Migrant Bride: Laila Rahman
Laila Rahman migrated to Britain as a bride, arriving in London in 1971 to join her husband who was studying to be an accountant. She told us:
Our marriage took place over the telephone. My guardians, mother, uncles, were on one end of the phone and he was on the other. After passing matric, I came here. I was 16 years old at that time. After coming over here, I went to college to do my A levels.
The marriage was arranged quickly, she recalls, because her family were worried about the approaching war and wanted to get her out of the country. Three years later, on a visit home to Bangladesh, the marriage was performed properly:
We organised a Muslim ceremony of marriage. Because our marriage had been done on the phone, we had to do that. Then we came back again.

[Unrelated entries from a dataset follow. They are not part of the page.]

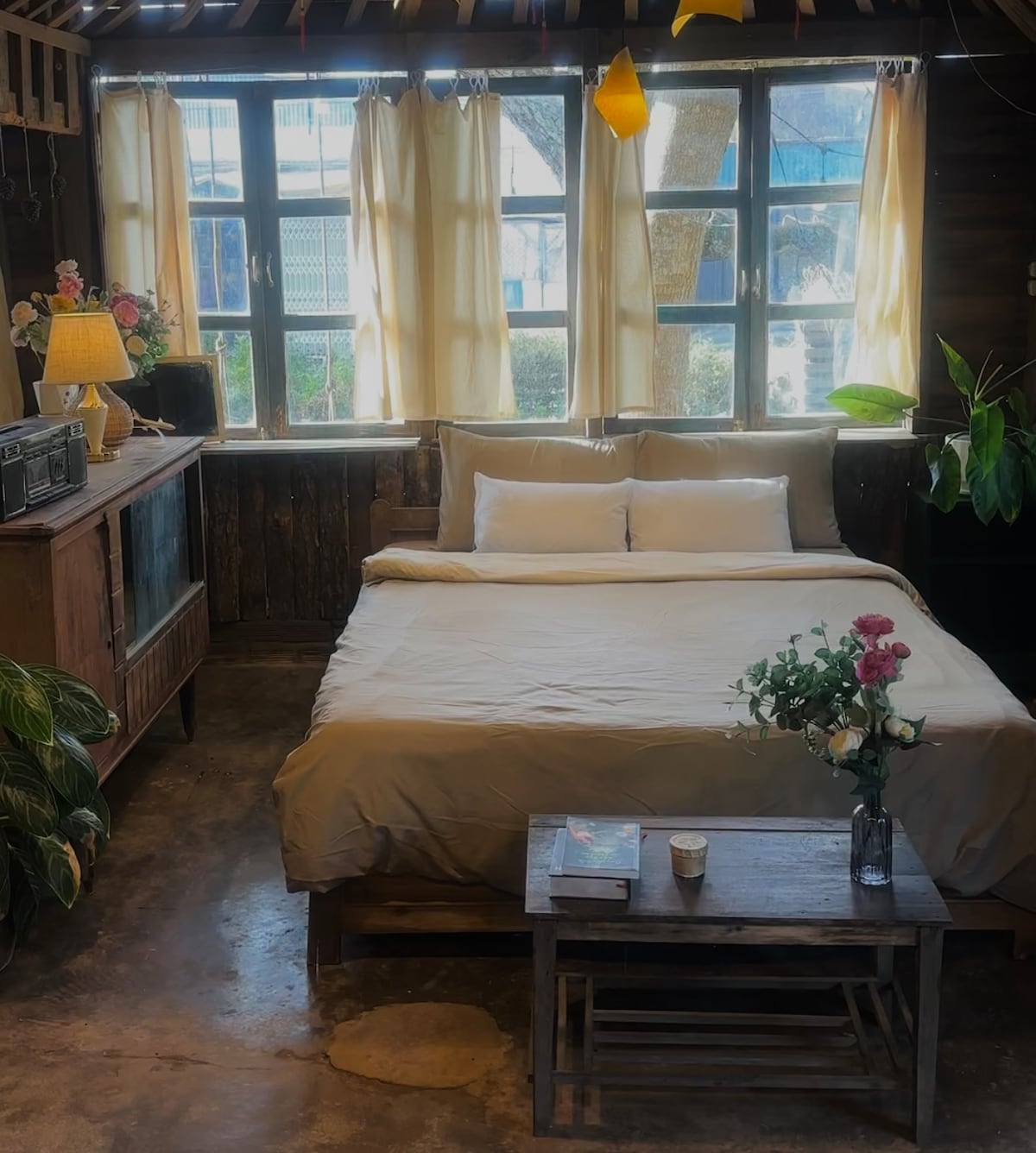 🏡MORE Home – Không gian nhà gỗ theo phong cách Rustic (mộc mạc). MORE là căn nhà mang phong cách mộc mạc với không gian nhiều cây xanh xanh tạo cảm giác thư giãn và dễ chịu khi bước vào. Từ những chậu cây nhỏ được trang trí trong nhà đến khoảng sân trước thoáng mát. Tất cả mang lại một vibe rất chill và gần gủi với thiên nhiên, phù hợp cho cả cặp đôi muốn tìm nơi riêng tư lãng mạn, gia đình nhỏ cần không gian nghỉ ngơi thoải mái lẫn nhóm bạn cần không gian thư giãn.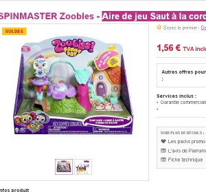 Bon plan jouet pour petites filles dans les soldes sur pixmania … avec l’aire de saut à la corde zoobles à 1.56 euros … Il est indiqué que son prix d’origine est de 3.99 euros mais en fait on peut voir ce meme jouet à 14.58 euros sur amazon …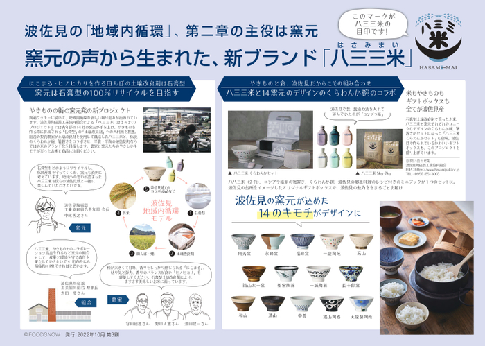 今回は第二弾として、窯元たちが立ち上がり、製造側の「つくる責任」のもと真剣に石膏型リサイクルに取り組み、農家と連携し石膏を土壌改良剤として使用して出来上がった「ヒノヒカリ」「にこまる」と14社の窯元が「くらわんか碗」にそれぞれの特徴を活かしデザインを施した新しいお茶碗とコンプラ瓶型の箸置きをセットにした「八三三米(はさみまい)くらわんかセット」が完成しました。

Laila travelled to England with her uncle and first lived with her husband in Balham, South London. She remembers the time clearly:
I developed friendships… As I was a lot younger than my husband's friends, they loved me very much. They showed me the shopping centres and how to shop. They taught me English. I did not know English at that time. There was not much scope to learn English. I learned through work and through watching TV… My friends and their children would come to visit. We would socialise at the weekend. My friends became like family.
Although she had been excited to travel to England, she also felt very lonely and missed her family:
I had wanted to come to this country. I had read in books that this is a beautiful country. When I arrived here, I was very upset. It was very painful. I used to cry whenever I saw a plane.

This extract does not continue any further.